Rapat di Komplek Parlemen DPD RI Senayan Jakarta, Kamis 7 Mei 2012 juga dihadiri oleh Kabareskrim Mabes Polri Komjen Pol Sutarman. Pimpinan rapat Senator Instiawati Ayus, SH. MH langsung mengingatkan kepada Raymond agar mengahargai tatib yang ada di DPD RI untuk tidak menyela satementnya karena belum diberikan hak untuk berbicara.
Raymond mencoba mengingatkan Instiawati bahwa aspirasi yang ditampung pihak DPD RI tidak benar sehingga merugikan perusahaan yang dipimpinnya seperti yang termuat dalam salah satu media edisi 6 Mei 2012. Kabareskrim Mabes Polri terlihat diam menyimak kedua pihak yang berkutat pada persepsi berbeda. Akibat kejadian tersebut, Instiawati memerintahkan kepada Raymond untuk meninggalkan ruang rapat.
"Saya minta kepada Pamdal agar mengeluarkan bapak dari ruangan ini" kata Instiawati.
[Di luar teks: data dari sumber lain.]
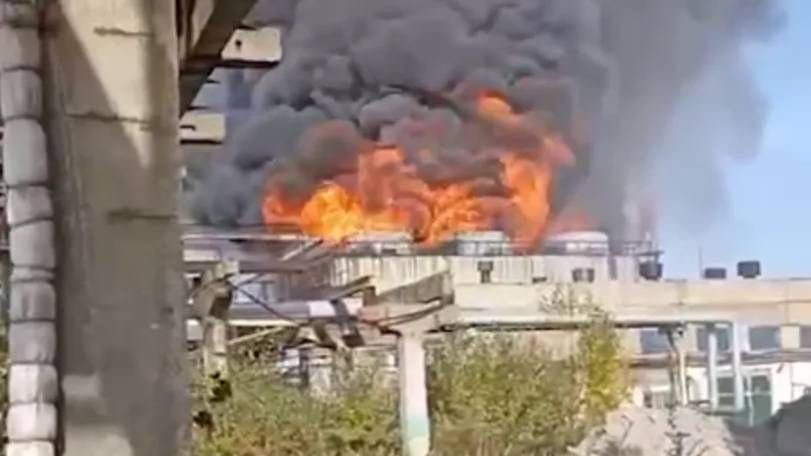 Сильный пожар в Перми — горят очистные сооружения местного завода.
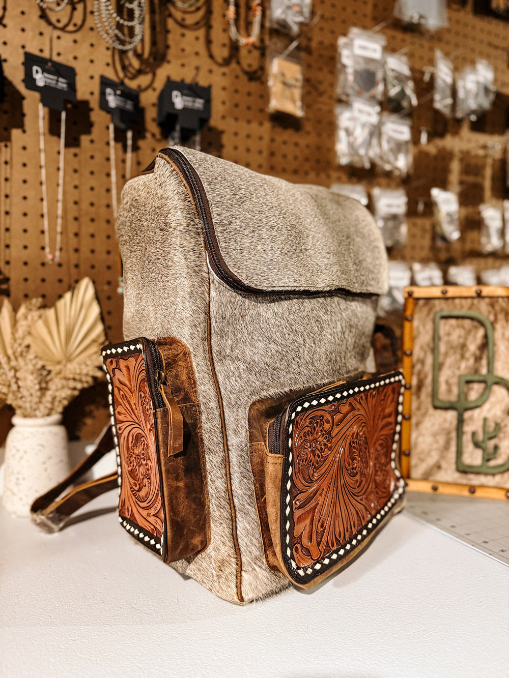 + Carry your essentials in style with this gorgeous cowhide backpack. Oversized tooled leather and cowhide backpack that is perfect for school, work, diaper bag, or just to haul in your car! This also makes a great carry on for your next trip.

Merasa dirinya diusir dari ruangan, Raymond menjawab jika dirinya diminta keluar maka tidak perlu di tangani Pamdal. "Saya bisa keluar sendiri tanpa disuruh keluar" kata Raymond dalam rapat. Direktur PT. MMJ, Aisiyah mencoba menenangkan rekan sekerjanya yang meninggalkan ruang rapat.
Dimintai tanggapannya menyangkut tragedi pengusiran terhadap dirinya, Raymond kepada Sumbawanews.com diluar rapat mengatakan bahwa dirinya melakukan verifikasi atas beberapa masalah yang termuat dalam laporan Kades Anyang yang diduga merugikan perusahaan yang dipimpinnya. Menurut Raymond, pernyataan Kades Anyang yang mengklaim adanya 150 KK yang mendiami wilayah perusahaan yang dipimpinnya merupakan laporan yang tidak benar karena pada saat PT. MMJ dibuka, lokasi perusahaan belum dihuni oleh masyarakat yang diklaim oleh Anyang sebanyak 150 KK. Kawasan tersebut kata Raymond hanya menjadi wilayah bermalam para pencari kepiting.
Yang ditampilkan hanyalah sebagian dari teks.